**DATA:**
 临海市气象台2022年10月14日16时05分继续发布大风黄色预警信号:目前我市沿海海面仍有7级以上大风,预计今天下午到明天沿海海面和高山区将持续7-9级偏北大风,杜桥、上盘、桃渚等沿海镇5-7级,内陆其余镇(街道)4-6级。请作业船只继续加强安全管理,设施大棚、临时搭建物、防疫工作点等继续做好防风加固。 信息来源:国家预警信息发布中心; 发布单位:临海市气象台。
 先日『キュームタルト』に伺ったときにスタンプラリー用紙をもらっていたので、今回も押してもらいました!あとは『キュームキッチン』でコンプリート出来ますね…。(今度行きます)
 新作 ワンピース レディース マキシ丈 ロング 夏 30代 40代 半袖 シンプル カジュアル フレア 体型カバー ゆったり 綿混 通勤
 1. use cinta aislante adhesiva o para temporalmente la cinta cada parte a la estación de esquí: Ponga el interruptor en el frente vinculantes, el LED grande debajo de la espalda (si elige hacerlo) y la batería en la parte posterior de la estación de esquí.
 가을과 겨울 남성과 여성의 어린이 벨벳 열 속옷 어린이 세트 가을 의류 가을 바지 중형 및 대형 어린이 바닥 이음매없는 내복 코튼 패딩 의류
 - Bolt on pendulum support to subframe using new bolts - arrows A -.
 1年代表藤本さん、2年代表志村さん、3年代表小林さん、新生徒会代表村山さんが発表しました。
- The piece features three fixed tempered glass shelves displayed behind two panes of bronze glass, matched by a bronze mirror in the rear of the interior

---

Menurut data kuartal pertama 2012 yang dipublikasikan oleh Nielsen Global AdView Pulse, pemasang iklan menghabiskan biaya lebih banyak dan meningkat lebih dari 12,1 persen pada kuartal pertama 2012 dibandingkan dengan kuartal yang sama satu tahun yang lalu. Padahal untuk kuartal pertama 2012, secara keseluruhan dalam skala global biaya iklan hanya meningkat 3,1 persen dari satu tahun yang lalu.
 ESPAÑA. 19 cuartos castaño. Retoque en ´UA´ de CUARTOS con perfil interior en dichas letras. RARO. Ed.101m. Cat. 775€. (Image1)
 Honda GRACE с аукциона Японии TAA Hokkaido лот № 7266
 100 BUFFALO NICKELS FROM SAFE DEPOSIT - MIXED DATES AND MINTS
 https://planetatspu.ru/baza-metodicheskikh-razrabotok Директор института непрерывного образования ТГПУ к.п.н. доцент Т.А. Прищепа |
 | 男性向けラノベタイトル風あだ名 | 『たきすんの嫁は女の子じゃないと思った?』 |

**WHAT YOU SHOULD DO:**
Filter the records, keeping only lines that contain "interior", and show those lines.

**ANSWER FOR THE TASK:**
- The piece features three fixed tempered glass shelves displayed behind two panes of bronze glass, matched by a bronze mirror in the rear of the interior
 ESPAÑA. 19 cuartos castaño. Retoque en ´UA´ de CUARTOS con perfil interior en dichas letras. RARO. Ed.101m. Cat. 775€. (Image1)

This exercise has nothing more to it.